NSF’s investments in Ideas, People and Tools work in concert to support the agency’s mission to maintain U.S. leadership in all aspects of science and engineering research and education. Funding levels associated with the Foundation’s three strategic goals are shown in the table below.

NSF Funding by Strategic Goal

(Millions of Dollars)

 

 

FY 2000
Current Plan

FY 2001
Request

Percent
Change

Ideas

1,972.62

2,424.92

22.9%

People 1

801.06

887.54

10.8%

Tools

934.41

1,044.83

11.8%

Administration and Management

189.09

215.11

13.8%

Total, NSF

$3,897.18

$4,572.40

17.3%

1 Does not include $33 million in FY 2000 and $31 million in FY 2001 from H-1B Nonimmigrant Petitioner Fees.

These goals are implemented through NSF’s five appropriation accounts. Funding levels for each of NSF’s appropriation accounts are shown in the table below.

NSF Funding by Appropriation

(Millions of Dollars)

 

 

FY 2000
Current Plan

FY 2001
Request

Percent
Change

Research and Related Activities

2,958.46

3,540.68

19.7%

Education and Human Resources 1, 2

690.87

729.01

5.5%

Major Research Equipment

93.50

138.54

48.2%

Salaries and Expenses

148.90

157.89

6.0%

Office of Inspector General

5.45

6.28

15.2%

Total, National Science Foundation

$3,897.18

$4,572.40

17.3%

1 Does not include $33 million in FY 2000 and $31 million in FY 2001 from H-1B Nonimmigrant Petitioner Fees.
2 While EHR is the major focus of NSF's investment in education and training and increases by 5.5%, NSF's total investment in People increases by 10.8%.

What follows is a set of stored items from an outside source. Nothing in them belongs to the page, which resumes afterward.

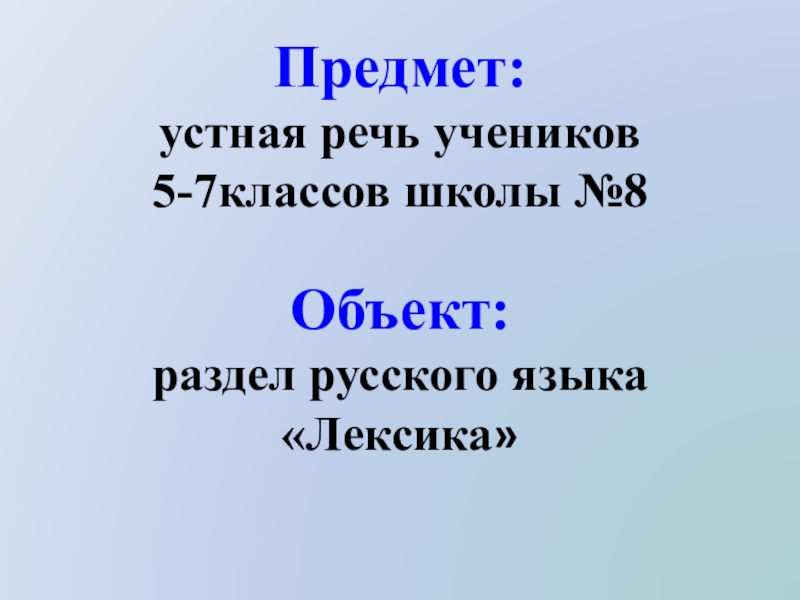 Слайд 4 Предмет: устная речь учеников 5-7классов школы №8 Объект: раздел русского языка «Лексика»
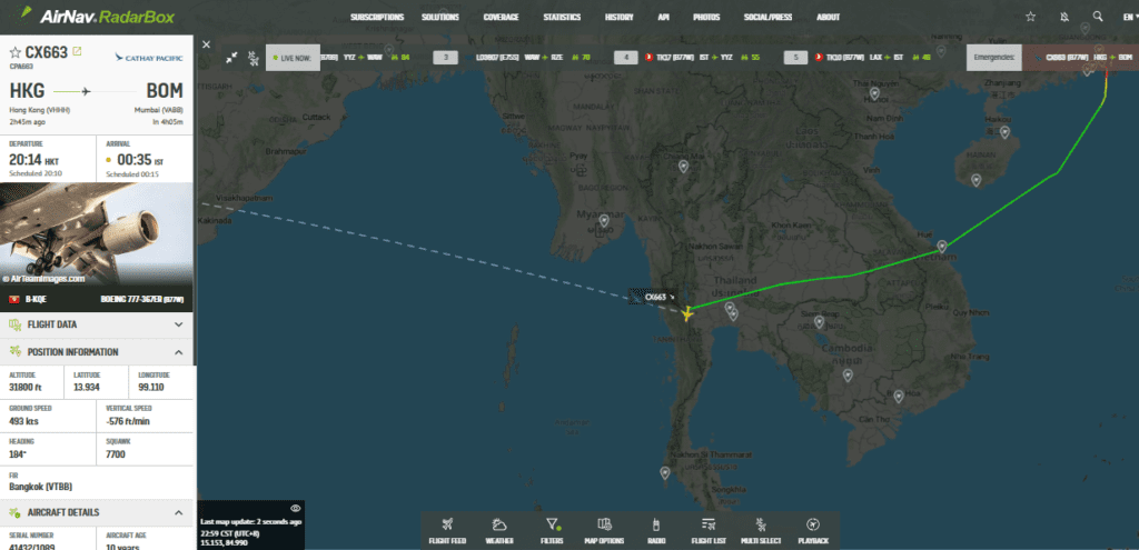 UPDATE #8 @ 1527 UK time – TOUCHDOWN! CX663 from Hong Kong to Mumbai has appeared to have landed safely into Bangkok following it’s emergency call a few moments ago resulting in this diversion. Standby for updates.
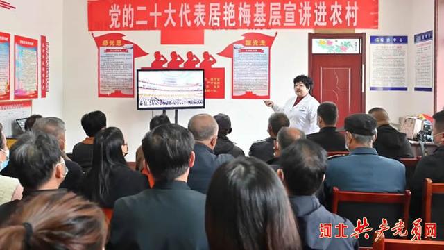 河北共产党员网讯 连日来,党的二十大代表,衡水市“‘理’赞新时代 思想在心中”基层宣讲团副团长,故城县人民医院党总支书记、院长居艳梅结合亲身经历、切身感受、具体事例,深入基层对党的二十大精神作了深入而系统的阐释,用接地气、贴生活、聚民心等新颖多样的宣传方式,让党的二十大精神“飞入寻常百姓家”。
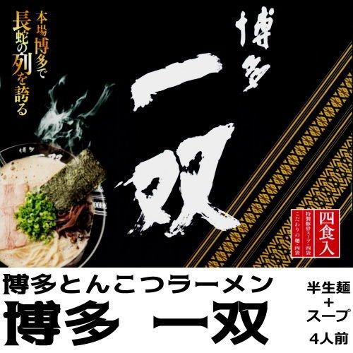 博多の行列のできるラーメン屋「一双」の4食セットです。お土産用やご自宅用としてなど様々な場面でご利用ください。
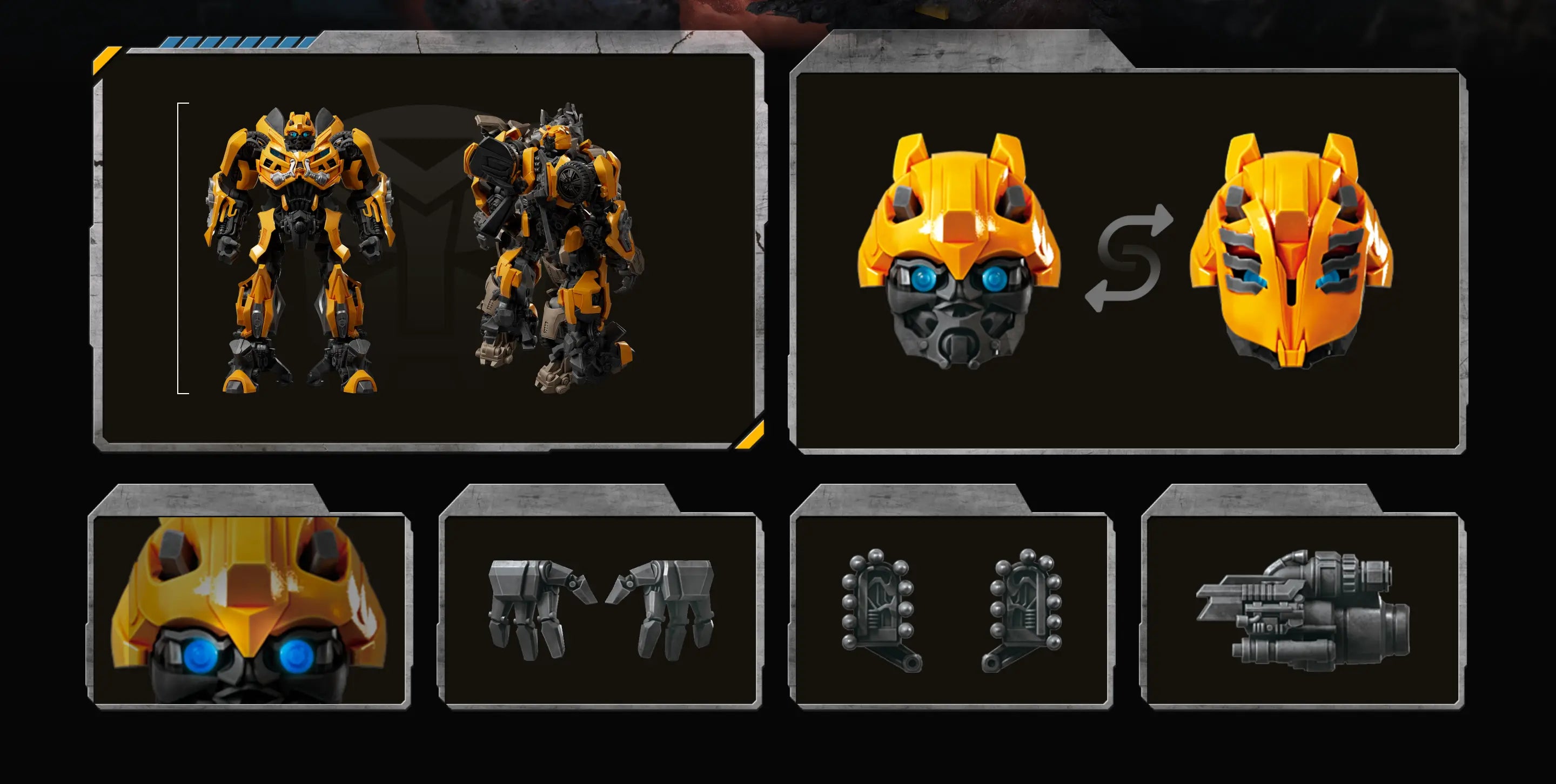 You get the Bumblebee kit parts, a display stand, interchangeable hands, two head sculpts, weapon parts, effect parts, and an instruction booklet.
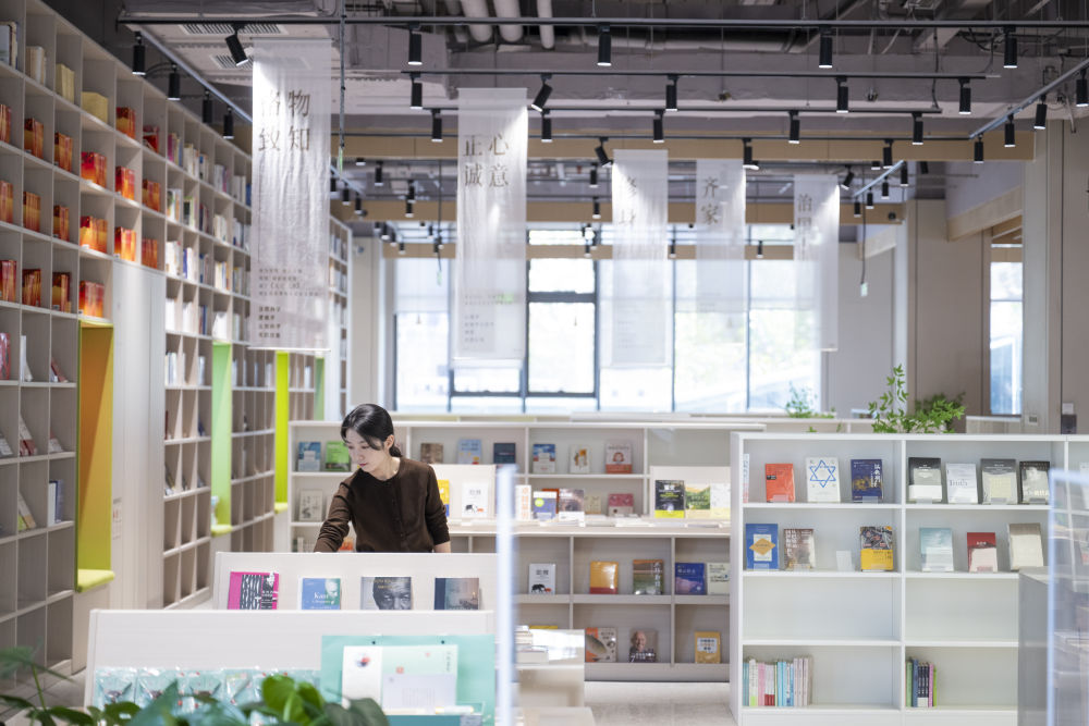 11月25日,在文华社区樊登书店,工作人员在整理书架。
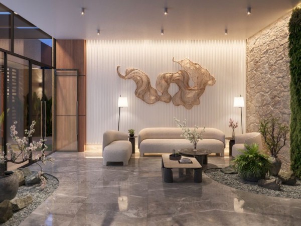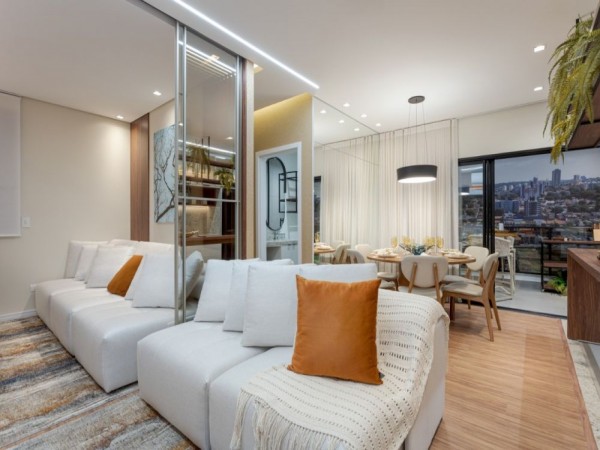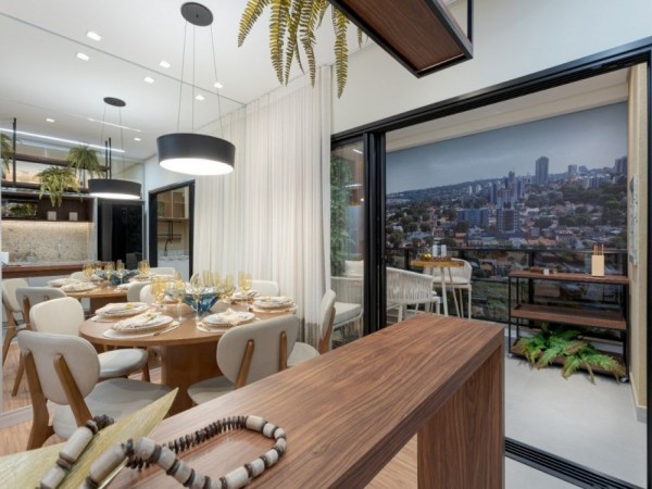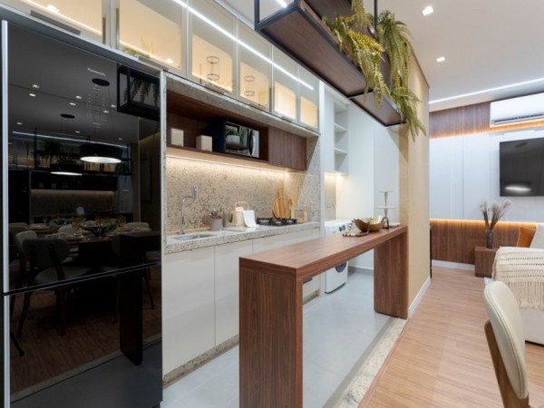 Apartamento com plantas de 2/3 quartos, sacada gourmet com churrasqueira a carvão, sala 02 ambientes, banheiro social, vaga de garagem coberta.
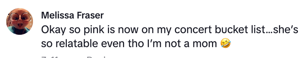 The clip of P!nk getting candid was posted on TikTok by a fan who wrote that the singer was "showing us [she's] just human and a mother of a teen girl."
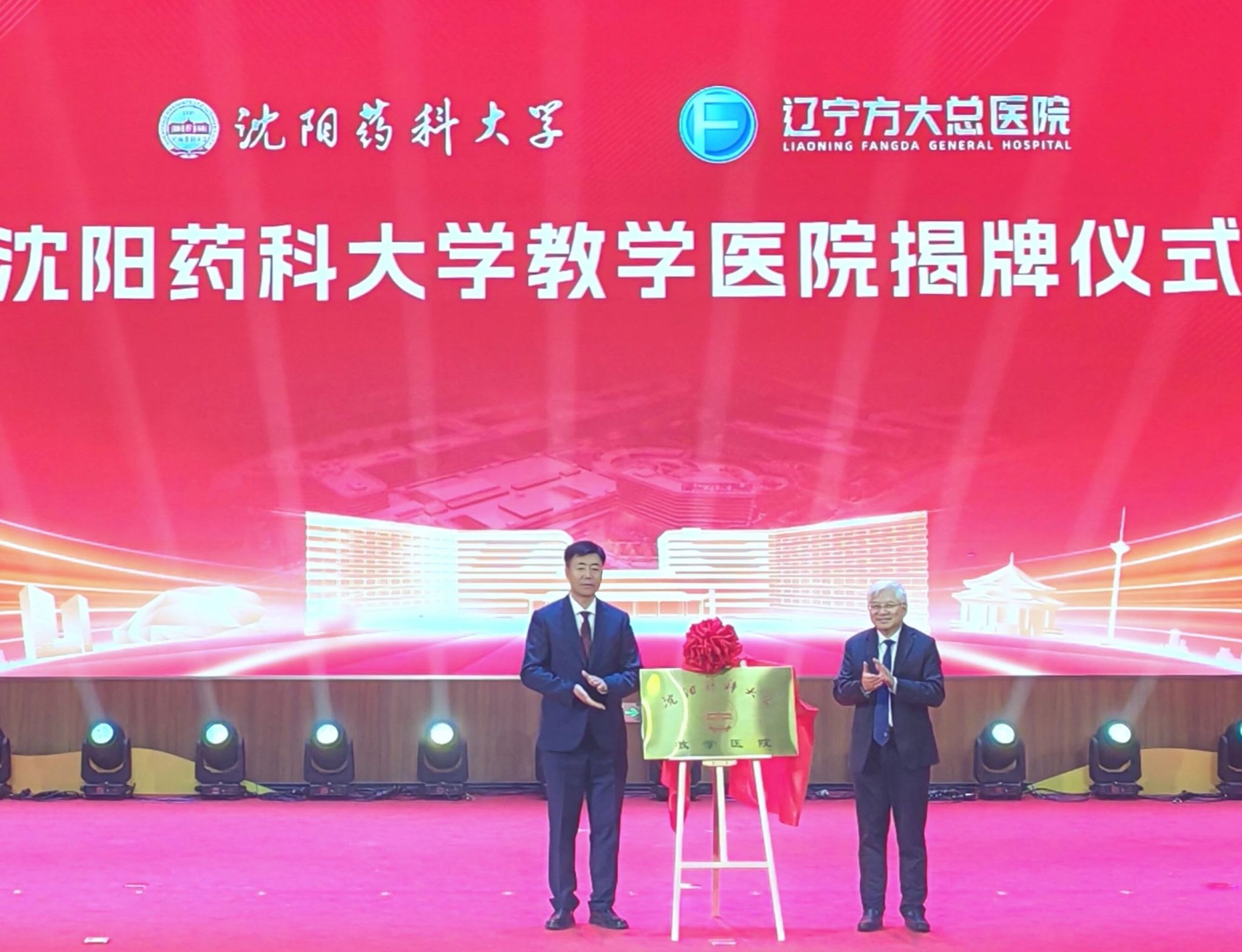 路金才与杨福全共同为沈阳药科大学教学医院揭牌并代表双方签署沈阳药科大学教学医院共建协议。

Everyone marvels at the speed and vitality of today’s powerful, high-tech economy that has created unprecedented wealth and millions of new, high paying jobs. The United States today is in the midst of the longest peacetime economic expansion in our history. In a speech last spring, Federal Reserve Chairman Alan Greenspan said that the “phenomenal” performance of the U.S. economy, with its strong growth, low inflation, low unemployment, and high business profits, is due in large part to technological innovations.

Today’s innovations are the outgrowth of discoveries made in the fundamental scientific and engineering disciplines over the last quarter century or longer. For example:

  • Microelectronics and related industries, enabled by 50 years of discoveries in condensed matter physics, materials science and engineering, and electrical engineering and computer science, account for millions of jobs in the United States today.

  • Understanding the structure and properties of DNA -- a process that has been on-going since the 1950’s -- is today the basis for a new and dynamic biotechnology industry that has made dramatic contributions to agriculture, the environment, and human health.

  • Information technology -- from its infancy with the computer ENIAC in the 1940’s, to bar code scanners in supermarkets, to the Internet -- is in the process of transforming all sectors of life, leisure, learning, research, and the economy.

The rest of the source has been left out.